Saturday, October 6, 2012

Maine Business: 'In Partnership with The Longfellow Chorus, Maine Historical Society Hosts Symposium on Black Composer'

American ragtime composer J. Rosamond Johnson (left), and his brother, James Weldon Johnson (right), one of the founding leaders of the NAACP, pose with English classical music composer Samuel Coleridge-Taylor (center) in 1905 outside his home in Croydon, England.

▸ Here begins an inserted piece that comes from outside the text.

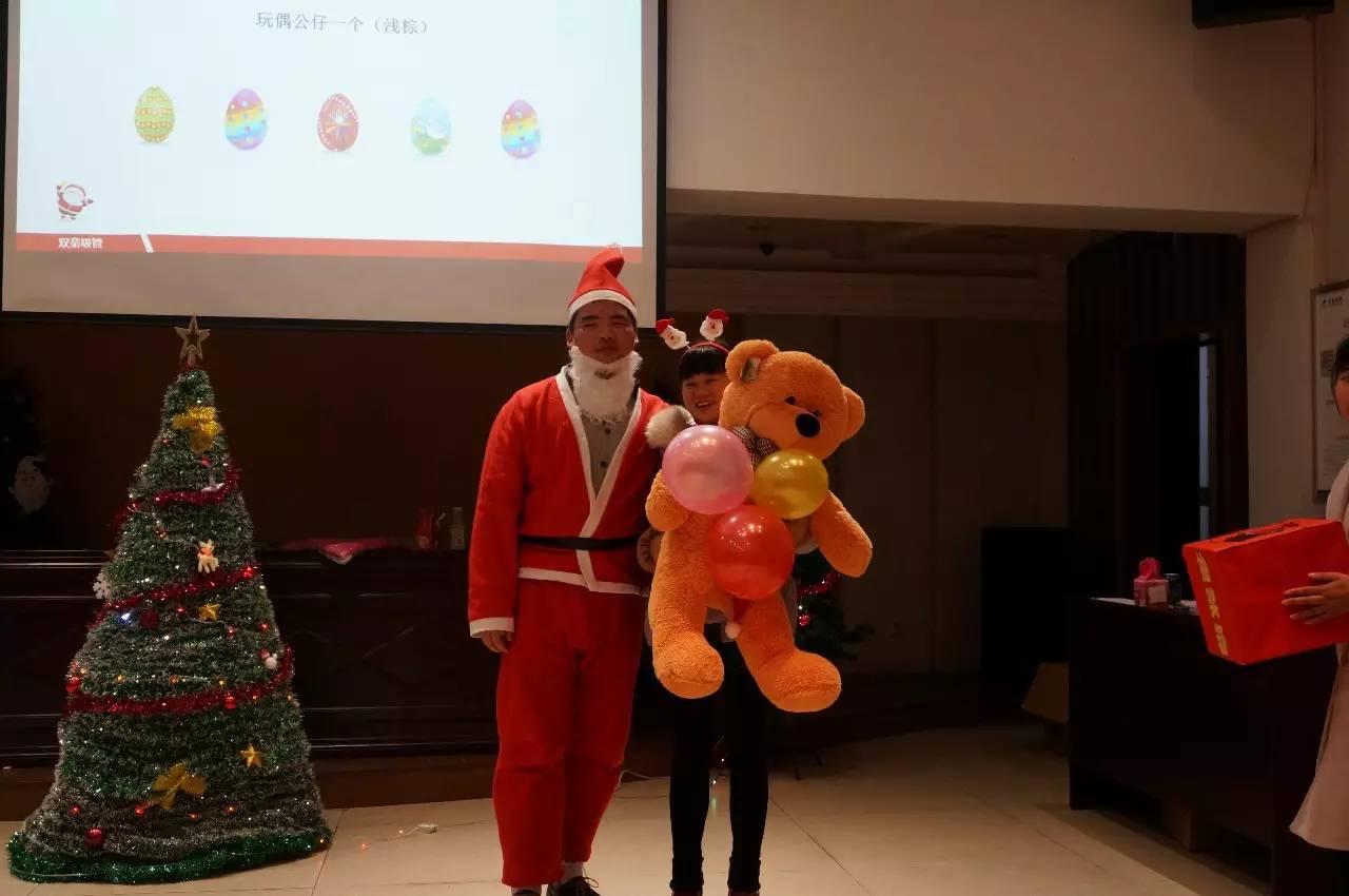 而最最激動(dòng)人心的,莫過于我們的抽獎(jiǎng)環(huán)節(jié)!只要被抽中名字的觀眾,都可以上臺(tái)“砸彩蛋”,彩蛋對應(yīng)的獎(jiǎng)品各式各樣,有大有小,具體就要看你的運(yùn)氣了哦!快看,有位女員工獲得了我們的名牌護(hù)膚品套裝, 真是讓吸管妞羨慕嫉妒恨!而這位幸福的媽咪則是獲得了我們的小熊娃娃玩偶,讓她開心地尖叫起來,哈哈,給孩子的圣誕禮物就有啦!
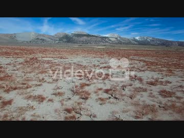 Beautiful aerial shot over red sagebrush reveals the Mono volcano cones

Charles Kaufmann of The Longfellow Chorus of Portland, Maine sends this link:

Maine Business
October 5, 2012
Some say that Samuel Coleridge-Taylor's single claim to fame rests on his opera-like setting of Longfellow's epic poem, Song of Hiawatha, which was performed numerous times during the composer's lifetime. But 100 years after his death on September 1, 1912, Afro-English composer Coleridge-Taylor’s larger impact and influence on American culture remains largely unsung. The list of his musical works includes over 100 compositions written in the classical style of the late-Victorian and Edwardian periods—nearly two dozen are settings of Longfellow's poetry.

Join Longfellow Chorus Artistic Director Charles Kaufmann, moderator, at 7:00 PM, Tuesday, October 16, at the Maine Historical Society in Portland, 489 Congress Street, as seven noted historians and scholars gather in a roundtable discussion to answer this question: "Who was Samuel Coleridge-Taylor?" The event will be filmed as a scene for "Samuel Coleridge-Taylor (1875–1912) and His Music in America, 1900–1912," a documentary being produced by The Longfellow Chorus for premiere in Nickelodeon Cinema in Portland during the March 16 & 17, 2013, Longfellow Choral Festival.

Roundtable participants include Jeffrey Green, English historian and author of Samuel Coleridge-Taylor, a Musical Life (2011); Ann Havemeyer, PhD, historian of the Norfolk (CT) Historical Society; Thelma Jacobs, historian of the Metropolitan A.M.E. Church in Washington, D.C.; Charles I. Nero, PhD, Professor in the Department of Rhetoric and in the Programs of African American and American Cultural Studies at Bates College in Lewiston; Karen Shaffer, president of the Maud Powell Society; Wayne Shirley, former music specialist at the Library of Congress; and William Tortolano, PhD, Professor Emeritus of Fine Arts at Saint Michael's College in Vermont.